2.1.2. EEG recording
Electroencephalography was recorded from each participant in a wakeful rest condition over a period of 5 min using a 64-channel EEG system (EGI, Eugene Oregon) placed according to the 10–20 system, with electrode impedances kept below 50 kΩ. The reference was the vertex (Cz), and the sampling rate was 250 Hz. In an experimental room with consistent light levels, participants were instructed to maintain a constant gaze at a white board in front of them and to refrain from moving. The entire EEG recording session took between 30 and 45 min per participant.
2.1.3. EEG pre-processing
The EEG data was first re-referenced to the average of all channels. Following this, the data was notch filtered at 60 Hz, and bandpass filtered from 0.5 to 80 Hz using a 4th-order Butterworth filter with zero phase shift. Independent component analysis, using the runica algorithm (Delorme and Makeig, 2004), was performed to remove artifactual components by considering the time, topographic, and power distribution of components. Pre-processing was done using EEGLAB (ver. 2021.1) in the Matlab (ver. R2021a) environment. Figure 1 shows the steps of the entire process from data collection to final analyses.

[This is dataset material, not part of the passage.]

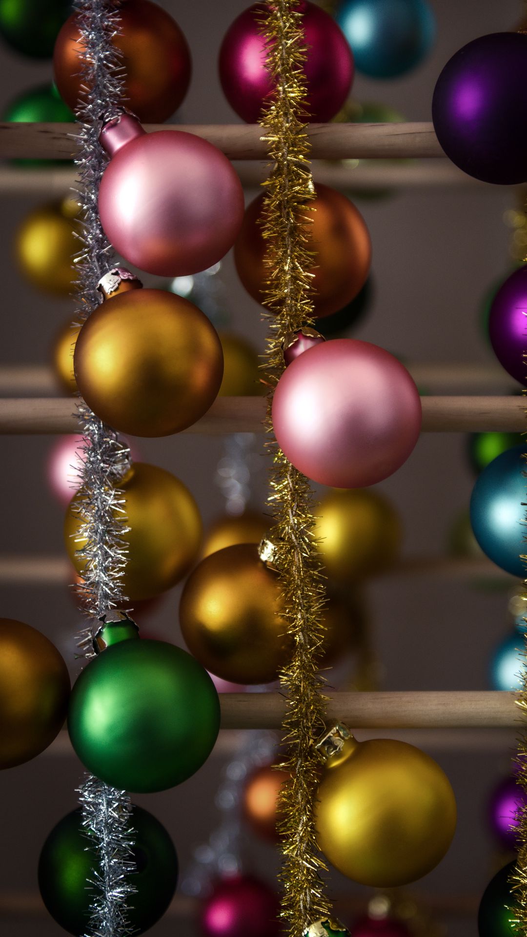 1080x1920 шары, мишура, украшения, разноцветный, новый год, рождество, праздники обои samsung galaxy s4, s5, note, sony xperia z, z1, z2, z3, htc one, lenovo vibe

Figure 1. Block diagram for EEG data analysis to identify the temporal and spectral characteristics of BRO response.
2.1.4. Blink detection
In order to extract blink latencies, raw vertical electrooculogram data was first filtered from 0.5 to 20 Hz and passed to the EEGLAB function BLINKER (Kleifges et al., 2017). The result from this analysis was evaluated and corrected through manual inspection. A temporal threshold of three seconds was applied to blink latencies to minimize the contamination of epochs by extracting only blinks that lay 3 s apart from their adjacent blinks aligned with previous studies (Liu et al., 2017, 2019b, 2020). After temporal thresholding, participants with fewer than five blink epochs were excluded from the study. A total of 9 participants in the SC group and 10 participants in the HC group passed this exclusion criterion. The pre-processed data was segmented based on the final latencies to create 3-s epochs from −1.5 s before and 1.5 s after the blink latencies (Figure 1).
To control for background brain activity, control epochs were randomly generated, consisting of 3-s consecutive epochs with the same number as BRO epochs for each subject. These control epochs were not time-locked to the latencies of blinks (Figure 2D). They were subsequently used to compare background brain activity with BRO features and to validate the association of these features with post-blink processing (Supplementary material).
Figure 2. (A) EGI 64-channel sensor layout used in the study with red circles indicating channels of interest. Channels 27, 28, and 31 were chosen to represent left parietal region, channels 34, 35, 36, and 38 were chosen to represent central parietal region and channels 40, 42, and 45 were chosen to represent right parietal region. (B) Top panels: Blink epochs, 64 channels presented before (Left) and after (Right) ICA procedure. Bottom panels: topographic maps presenting channel voltages at –1000 ms (baseline) and 0 ms (blink peak time) before (Left) and after (Right) artifact removal. (C) Blink-to-baseline power ratios before and after artifact rejection (p < 0.01). (D) Schematic illustration of data segmentation procedure.
For the purpose of analyzing behavioral differences, the blink rate was calculated for each participant by dividing the number of blinks detected in the data (before temporal thresholding) by the length of the data in minutes. Blink rates of the two groups (SC and HC) were compared using two-tailed, independent t-test.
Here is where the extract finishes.